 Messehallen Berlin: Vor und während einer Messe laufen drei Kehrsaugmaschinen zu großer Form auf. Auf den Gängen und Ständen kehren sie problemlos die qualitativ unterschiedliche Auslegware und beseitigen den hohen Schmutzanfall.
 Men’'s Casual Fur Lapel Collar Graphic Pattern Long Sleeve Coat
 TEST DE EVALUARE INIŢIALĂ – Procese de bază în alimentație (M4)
********
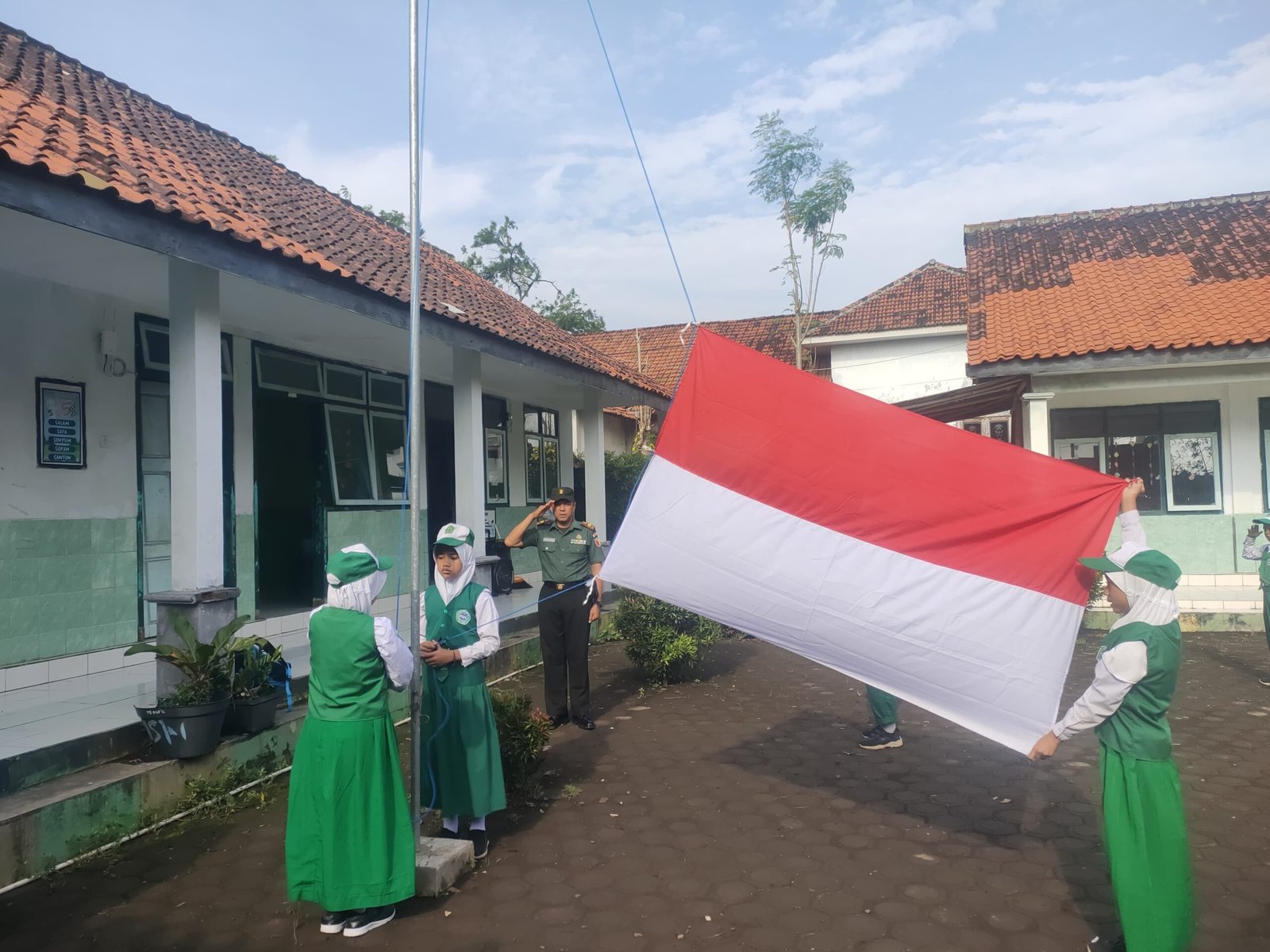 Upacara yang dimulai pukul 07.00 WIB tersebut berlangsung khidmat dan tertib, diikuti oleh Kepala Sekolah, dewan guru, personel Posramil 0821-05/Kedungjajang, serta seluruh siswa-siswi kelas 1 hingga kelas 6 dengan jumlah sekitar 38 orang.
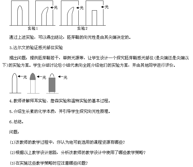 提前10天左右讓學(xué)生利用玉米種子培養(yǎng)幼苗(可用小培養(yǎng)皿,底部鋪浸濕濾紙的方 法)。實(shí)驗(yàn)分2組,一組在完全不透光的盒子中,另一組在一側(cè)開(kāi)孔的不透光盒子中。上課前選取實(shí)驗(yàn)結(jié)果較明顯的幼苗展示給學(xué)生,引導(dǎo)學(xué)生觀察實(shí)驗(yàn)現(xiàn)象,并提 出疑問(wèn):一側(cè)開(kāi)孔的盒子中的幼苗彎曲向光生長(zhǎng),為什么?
********
What is required:
Using the listing above, return word for word each line from the one that has "Messehallen Berlin: Vor" through the one that has "TEST DE EVALUARE", and no line outside that range.

Answer below:
 Messehallen Berlin: Vor und während einer Messe laufen drei Kehrsaugmaschinen zu großer Form auf. Auf den Gängen und Ständen kehren sie problemlos die qualitativ unterschiedliche Auslegware und beseitigen den hohen Schmutzanfall.
 Men’'s Casual Fur Lapel Collar Graphic Pattern Long Sleeve Coat
 TEST DE EVALUARE INIŢIALĂ – Procese de bază în alimentație (M4)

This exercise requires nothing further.